Background Rheumatoid Arthritis (RA) treatment targets remission or low disease activity. Patient Registries offer real-world data about effectiveness on long term. Comparing different tools for assessing effectiveness (disease activity, functional status and utility) could provide a more comprehensive approach on the term “achieve and maintain” the therapeutic goal, as a measure of efficacy.

Objectives To evaluate interrelations of disease activity – functional status – utility in a group of RA patients, treated with tumor necrosis factor alpha (TNF) antagonists and anti CD20 molecule, as well as any factor that could influence it.

Methods Cross-sectional study carried out over a cohort of RA patients in Romania. Data was gathered from the Romanian Registry of Rheumatic Diseases and included only RA patients treated with biologics, for who were available all three variables under study: EQ5D (for utility), HAQ score (for functional status), and DAS28 and SDAI (for disease activity). The interrelations of the efficacy parameters were analyzed using correlation tests, T test, ANOVA.

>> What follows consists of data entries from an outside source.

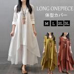 ワンピース ガーゼワンピース レディース ロングワンピース 長袖 シンプル 秋 春 ガーゼ 綿麻 おしゃれ 大きいサイズ ロング丈 マキシ丈 ワンピ 体型カバー 無地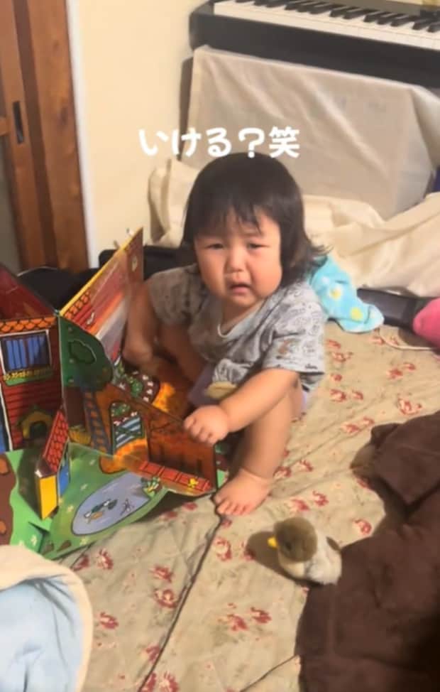 お母さん この本の中に、いつも入ろうとして入れなくて、泣いたり怒ったりしてます(笑)。他にも私の鼻をコンコンとノックしてきたり、バアバやジイジの写真にスプーンでご飯をあげたりと、毎日笑わせてもらってます。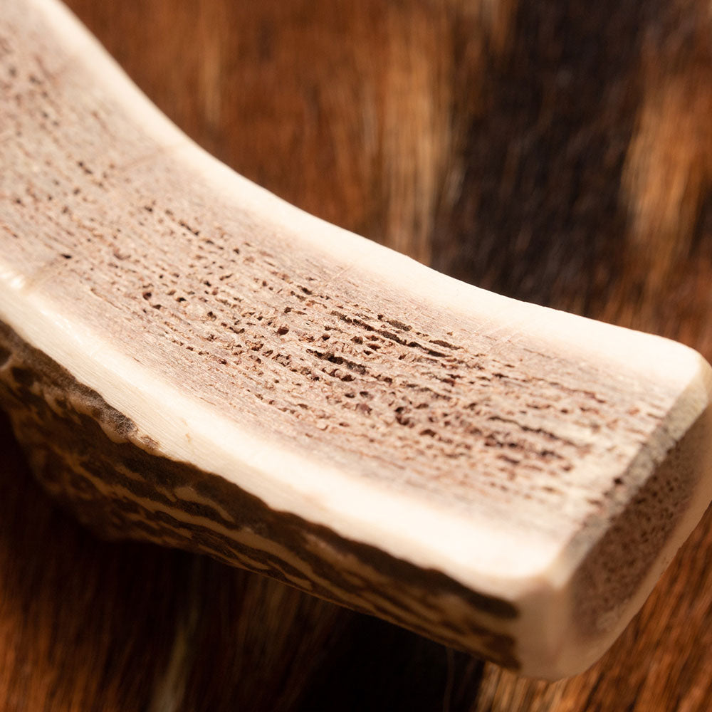 天然の鹿角(ホンシュウジカ/キュウシュウジカ/エゾジカ)を使用したドッグガムです。小型犬でも扱いやすい小ぶりなものをさらに半割にしました。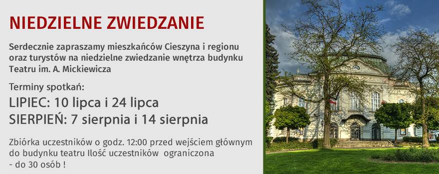 Serdecznie zapraszamy mieszkańców Cieszyna i regionu oraz turystów na niedzielne zwiedzanie wnętrza budynku Teatru im. A. Mickiewicza.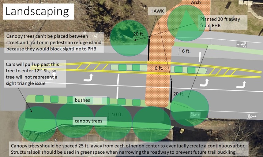 Canopy trees will be planted just north of 12th Street and along the 12th Street sidepath; these canopy trees will eventually create a closed canopy. When funding allows, additional canopy trees will be planted along Jackson St. between 12th and 14th Street. Arboring will reduce heat island effects, create shade that will make the facility more comfortable, and pull the park aesthetic across 12th St. to bridge the divide it creates between park amenities and an underserved community. Bushes will be used in landscaping where sightlines between cars and bikes are important. Landscaping will also alert 12th Street drivers that this is a shared space with people on bikes and walking(Figs. 16-17).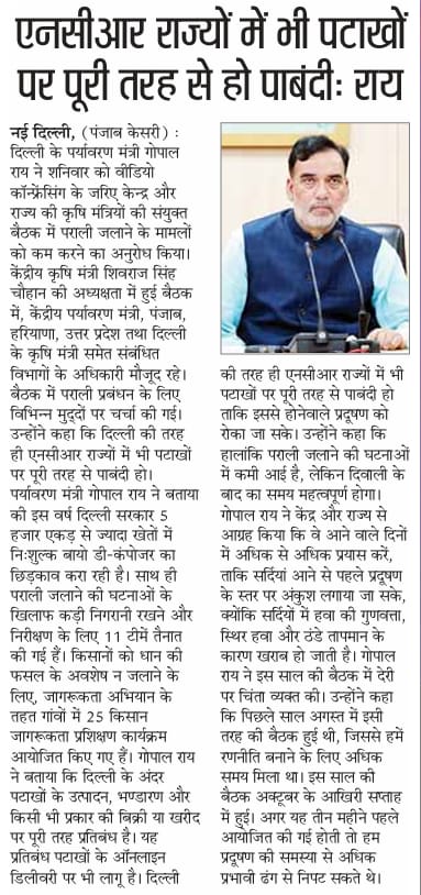 There should be a complete ban on firecrackers in NCR states as well: Gopal Rai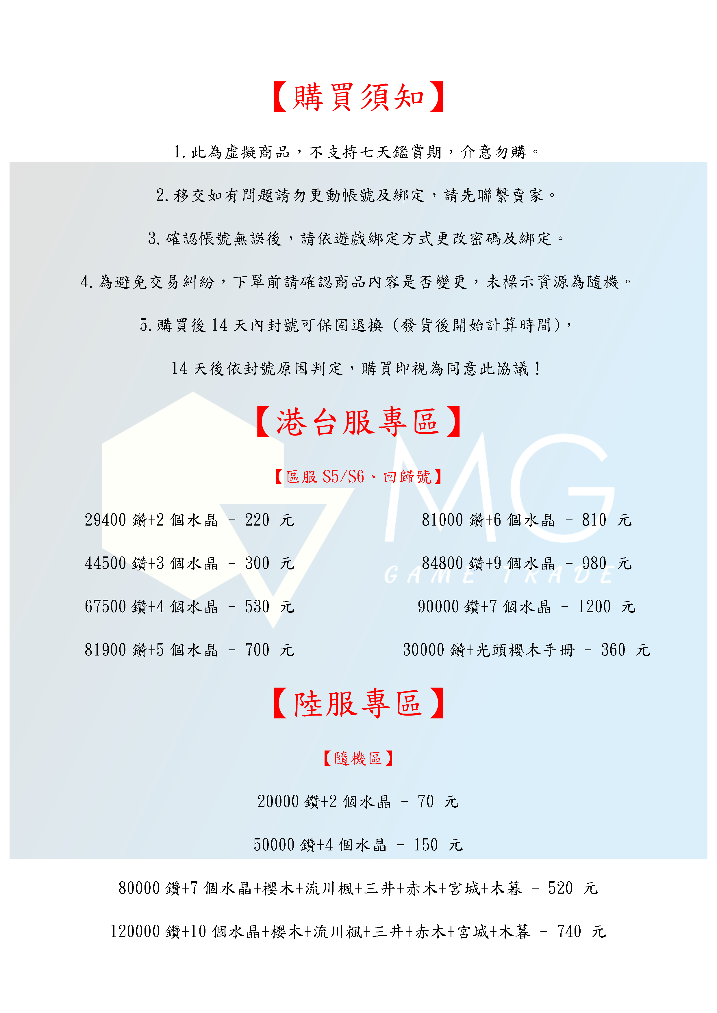 【初始號】【MG數碼】 台服 陸服 多石號 多鑽石號 初始號 自抽號 自選號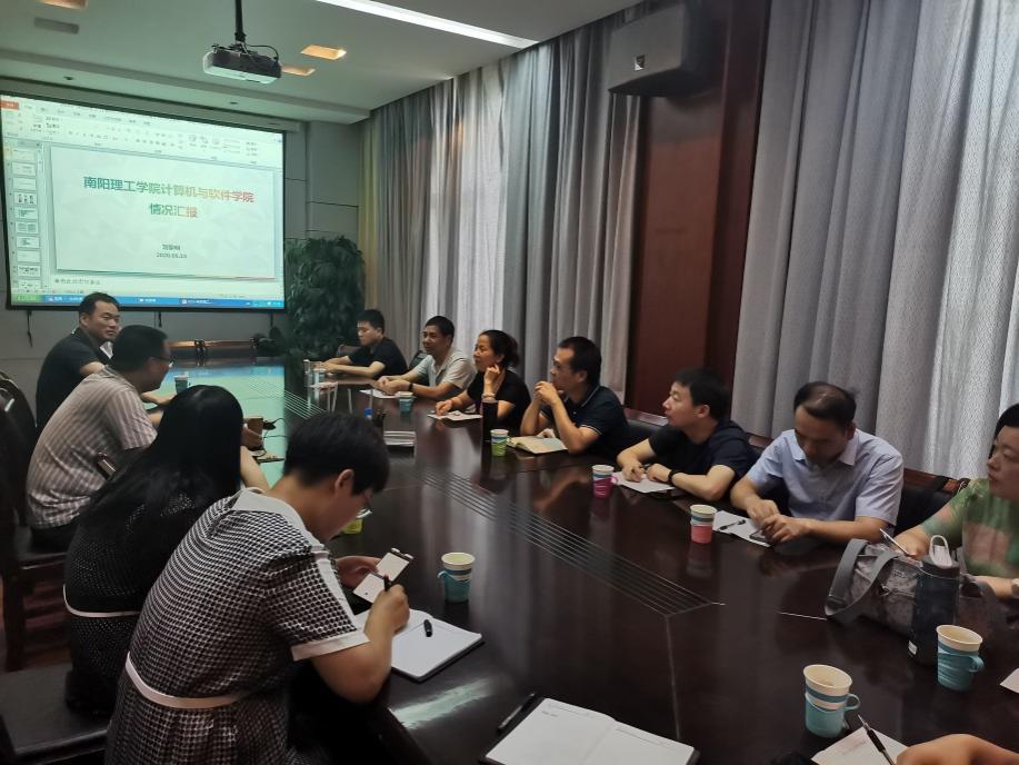 院长刘黎明对平顶山学院计算机学院(软件学院)一行来访表示热烈欢迎,并从学科建设、专业建设思路、教学过程管理的信息化建设、学生社团管理等方面详细的介绍了我院情况。双方就培养方案制定,线上教学和学科竞赛展开深入探讨。吕海莲院长对我院在专业建设和社团管理等方面给与高度评价。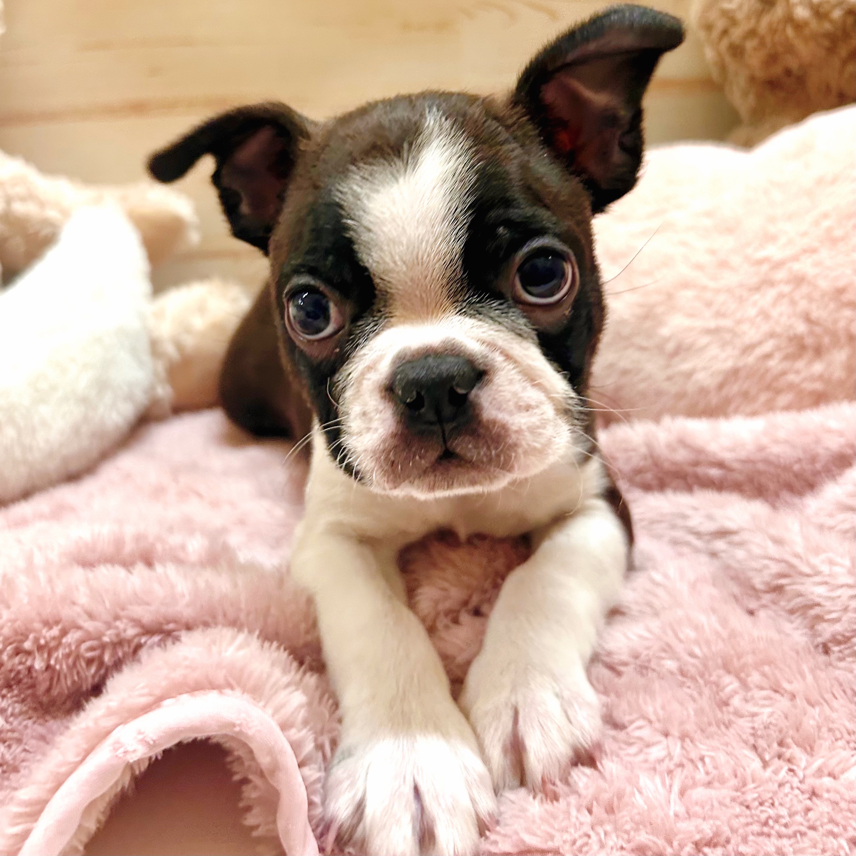 ボストンテリアの子犬詳細情報兵庫県/2025年10月3日生まれ/男の子/ボストンカラーの子犬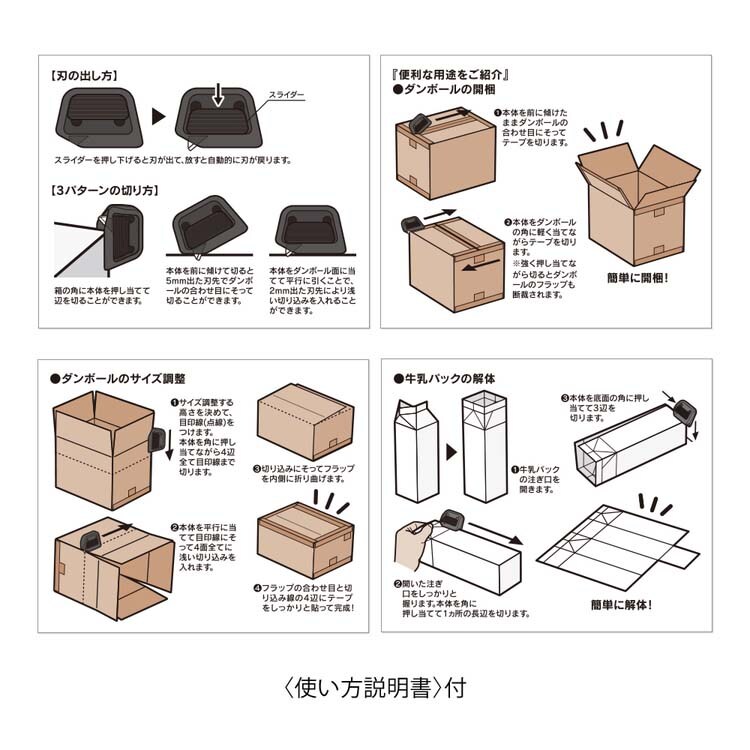 ●ダンボールの開梱やリサイズ、さらに牛乳パックの解体といった毎日のように必要なカット作業を安全に、そしてスマートにサポートします。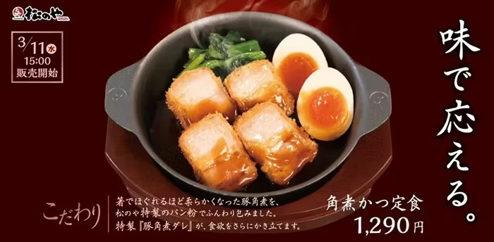 松屋フーズは、とんかつ専門店の「松のや」において、3月11日午後3時から、「角煮かつ定食」を発売する。

Results The study cohort included 777 RA patients, mean age 58.72 (±12.37) yrs, 84.4% women, mean RA duration 14.08 (±8.33) yrs, 77.1% retired, treated with etanercept (30.6%), adalimumab (22.7%), infliximab (original 6.3%, biosimilars 0.7%), rituximab (26.3%) with a mean treatment duration 174.90 (±143.40) weeks; 27.3% used steroids (20.2% with <7.5mg daily); mean current DAS28 score = 3.66 (±1.52), mean delta DAS28 = 0.13 (±1.28), mean SDAI = 14.27 (±13.79), mean HAQ score = 1.14 (±0.64), mean EQ5D = 0.61±0.31. There was a strong positive correlation between HAQ score and DAS28, as well as SDAI: r=0.5 (p<0.001) and a negative association between HAQ and EQ5D: r= -0.6 (p<0.001). Utility score showed a strong negative association with DAS28 and with SDAI: r= -0.7 (p<0.001), whereas disease activity dynamics (delta DAS28 for the last 6 months) had a poor negative association with EQ5D: r= -0.2 (p<0.01), but not with HAQ. Patient global assessment (PGA) on disease activity had a significant association both with HAQ (r=0.6, p<0.001) and EQ5D (r= -0.6, p<0.01). Analyzing distribution of EQ5D and HAQ in DAS28 categories, there was a significant difference between categories (p<0.001); for EQ5D-DAS28: <2.6 = 0.81 (±0.19), 2.6–3.2 = 0.68 (±0.17), 3.2–5.1 = 0.63 (±0.18), >5.1 = 0.16 (±.38); for HAQ-DAS28: <2.6 = 0.73 (±0.57), 2.6–3.2 = 0.98 (±0.5), 3.2–5.1 = 1.25 (±0.52), >5.1 = 1.76 (±0.56). Steroids use belongs to more active disease; doses >7.5 mg/day represent a cutoff for patients with severe disease activity [HDA]. Disease duration had not any influence on EQ5D, HAQ or DAS28, as well as all other factors (age, sex, residency, education, work status).

Conclusions Disease activity influences the patient well-being and functionality. Considering the dynamics of disease activity over time and the fluctuating values of utility and HAQ score within DAS28 categories, analyzing treatment efficacy from a combined perspective may be helpful in evaluating the time trends on achieving and maintaining the therapeutic goals.